Discounting the man in the doorway of the helicopter, there was still an Iranian and a Russian standing. Both men were those that had laid claim to the respective cases. The Taliban leader grabbed the large brown case to drag it off the jeep’s hood. The Russian ran for the helicopter with the attaché. For now, Ramm ignored the Iranian, confident that the man would be unable to escape him. But if the Russian reached the helicopter and it took off, then he’d be out of Ramm’s reach. For all that his skills and physicality sometimes defied logic, he had his limitations: he couldn’t fly.

Ramm raced after the man, as fast as when he’d sprung from concealment. The man whom he’d kicked through the air was no threat. He lay on his back, squirming in the dirt, his spine shattered from the twin impacts of the kick and subsequent fall to the rocky ground. Ramm jumped over him and caught the running man. He didn’t go for any form of subtlety: he struck a pile-driving elbow strike to the fleeing man’s back, buckling him in half, but never in a fashion the human spine was designed to bend. The man tumbled across the gritty earth, throwing up dust clouds. The attaché case flew from his unresponsive hand. Ramm dipped low: economy of motion, picking up the dropped case, while avoiding the bullets fired at him by the third Russian who was retreating into the chopper.

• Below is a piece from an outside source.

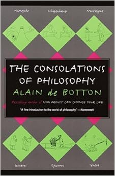 Somehow, I managed to get through high school and college without ever seriously reading any of the great Western philosophers. The Consolations of Philosophy is an excellent introduction and quick (I mean,QUICK) overview of six of these men. The deadwhitemales discussed are Socrates, Epicurus, Seneca, Montaigne, Schopenhauer, and Nietzsche. The discussion is lively and thought-provoking--and amusingly illustrated. This book would serve as an excellent secondary text for an introduction to philosophy course. Even the most jaded undergraduate will want to learn more about the teachings of the philosophers covered. I found the chapters on Seneca ("Consolation for Frustration"), Montaigne ("Consolation for Inadequacy"), and Nietzsche ("Consolation for Difficulties") the most engaging and challenging. De Botton's writing and thinking are fresh and remind me, for some reason, of the cultural essays of Susan Bordo (and Camille Paglia in her more reasonable moments).

The pilot was feverish as he got the helicopter in motion. It began to lift off the ground. One yard, two yards, rising quickly. Ramm met the third Russian’s self-satisfied gaze. No way he could allow the man to leave. He leaped and got his free hand on the lip of the open door. Over him the Russian stood, his legs braced against the pitch of the chopper, his gun held with both hands. Ramm’s shoulders spasmed at the repeated impact of bullets flattening against them. Agonized but not willing to give up, he weathered the pain, and hauled himself into the passenger compartment. The Russian wasn’t as satisfied now…more stunned. He staggered back, glancing once in incredulity at his gun. Then something clicked in as Ramm rose up before him, and he swung the pistol up and fired directly at Ramm’s face.

A red flash of pain shrieked through Ramm’s skull and he almost pitched out the open doorway. Almost. Grimacing, he wiped at his scoured cheek with the back of his free hand and flicked a glob of blood across the floor. Now the Russian was incredulous. Had Ramm actually dodged a bullet?

‘Who…what in God’s name are you?’ Spittle flecked the Russian’s chin as he spoke in accented English.

‘I’m the Battering Ram. Perhaps you’ve heard my name and have learned to fear it? I’m the one who’s going to stop you murdering any more innocent civilians,’ Ramm said, holding the attaché case out by his side. ‘This will not fall into any filthy Bratva hands now.’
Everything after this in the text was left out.